On December 4, 2015, J.C. (father) filed a petition in the Suffolk Division of the Probate and Family Court for custody of his son, F.C. (child). The father simultaneously filed a motion for special findings, requesting that the court enter specific factual findings necessary to establish the child's eligibility to apply to the United States Citizenship and Immigration Services (USCIS) for special immigrant juvenile (SIJ) status under 8 U.S.C. § 1101(a)(27)(J).3 In support of the motion, the father and the child both submitted affidavits describing neglect that the child had suffered from the child's mother, M.T. (mother), while living in El Salvador, including but not limited to: the mother's inability to provide financially for the child, her inability to protect the child from repeated gang harassment and other violence, and her inability to intervene when he was threatened by local gang members who were recruiting him and threatening to harm the family if she refused to pay them. Her neglect in this regard caused him to suffer emotionally and eventually quit school. In the United States, the child is living with his father and brother in a stable environment and is attending high school without a constant fear of violence.
The mother was served with the complaint, summons, and motion for special findings.
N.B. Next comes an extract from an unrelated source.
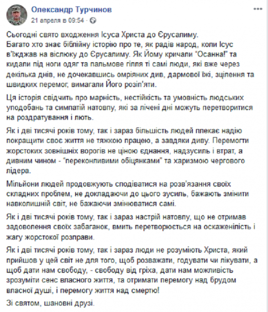 «Не думаю, что новый президент Владимир Зеленский оставит Турчинова, но если он не уволит его сразу, то вряд ли уволит потом», — сказал Царёв.

She filed an affidavit, agreeing that the father should be awarded full custody of the child. She does not contest any of the aforementioned facts regarding her neglect of the child.
After a nonevidentiary hearing, the judge issued a written order granting the child's custody to the father but denying the motion for special findings. Thereafter, a timely appeal was filed.
Because there was no evidentiary hearing, and the motion judge based her decision entirely on the documentary record, "we are in as good a position as the probate judge was to decide questions of fact." Bluhm v. Peresada, 5 Mass. App. Ct. 766, 766 (1977). See Guardianship of Penate, 477 Mass. 268, 277 (2017) (applying this standard of review in reversing Probate and Family Court's denial of motion for special findings). The affidavits of the father and child are consistent with each other and the facts contained therein are undisputed. Here, the uncontested averments in the affidavits show that the mother is unable "to take those actions necessary to provide a child with minimally adequate food, clothing, shelter, medical care, supervision, emotional stability and growth, or other essential care." 110 Code Mass. Regs. § 2 (2008).
As the facts are uncontested, and the relief requested by the petitioner is time-sensitive, we choose to address the merits and, in doing so, we make the following special findings and rulings based on the record before us:
1. F.C. was born on November 3, 1998, in Reina Chalatenango, El Salvador and currently resides with his father, J.C., in the city of Chelsea.
2. The Suffolk Division of the Massachusetts Probate and Family Court has jurisdiction pursuant to G. L. c. 215, § 6, to make equity determinations within the meaning of § 1101(a)(27)(J) of the Immigration and Nationality Act, 8 U.S.C. § 1101(a)(27)(J), and 8 C.F.R. § 204.11(a), (c) (2016). The child is dependent on the Probate and Family Court and under its jurisdiction.3
3. The mother neglected him by failing to take any action to protect him from dangerous local gangs, thereby putting his safety at extreme risk.
4. The child's reunification with his mother is not viable due to abuse, neglect, abandonment, or a similar basis found under State law.
5. It is not in the best interests of F.C. to return to El Salvador, his country of nationality, and it is in his best interests to remain in the United States.
The order granting the father sole legal and physical custody of the child is affirmed. The order of the Probate and Family court denying the motion for special findings is reversed. The matter is remanded to that court where a decree is to enter forthwith incorporating the numbered findings recited in this memorandum and order. The First Justice of the Suffolk Division of the Probate and Family court shall direct the Register to also enter the decree forthwith. The rescript shall issue forthwith.
So ordered.
Affirmed in part; reversed in part and remanded.
To be eligible to seek SIJ status, an alien juvenile must establish: (1) that he or she has been declared "dependent on a juvenile court"; (2) that reunification with one or both of the juvenile's parents is "not viable due to abuse, neglect, abandonment, or a similar basis found under State law"; and (3) that it would not be in the juvenile's best interests to return to his or her country of nationality. 8 U.S.C. § 1101(a)(27)(J)(i)-(ii). The State court's role is not to engage in an immigration analysis or decision. See Recinos v. Escobar, 473 Mass. 734, 738 (2016). The entry of special findings is not a final determination as to whether the juvenile meets the requirements for SIJ status; rather, it is the first step in the process of achieving SIJ status. Ibid.
A juvenile may be declared "dependent" on a court within the meaning of § 1101(a)(27)(J)(i) without being committed to the custody of the court or a State agency. See Recinos, 473 Mass. at 743 ("If an immigrant child is able to show, for purposes of SIJ status eligibility, that he or she experienced abuse, neglect, or abandonment by one or both parents, it follows that the child is dependent on the Probate and Family Court for the opportunity to obtain relief").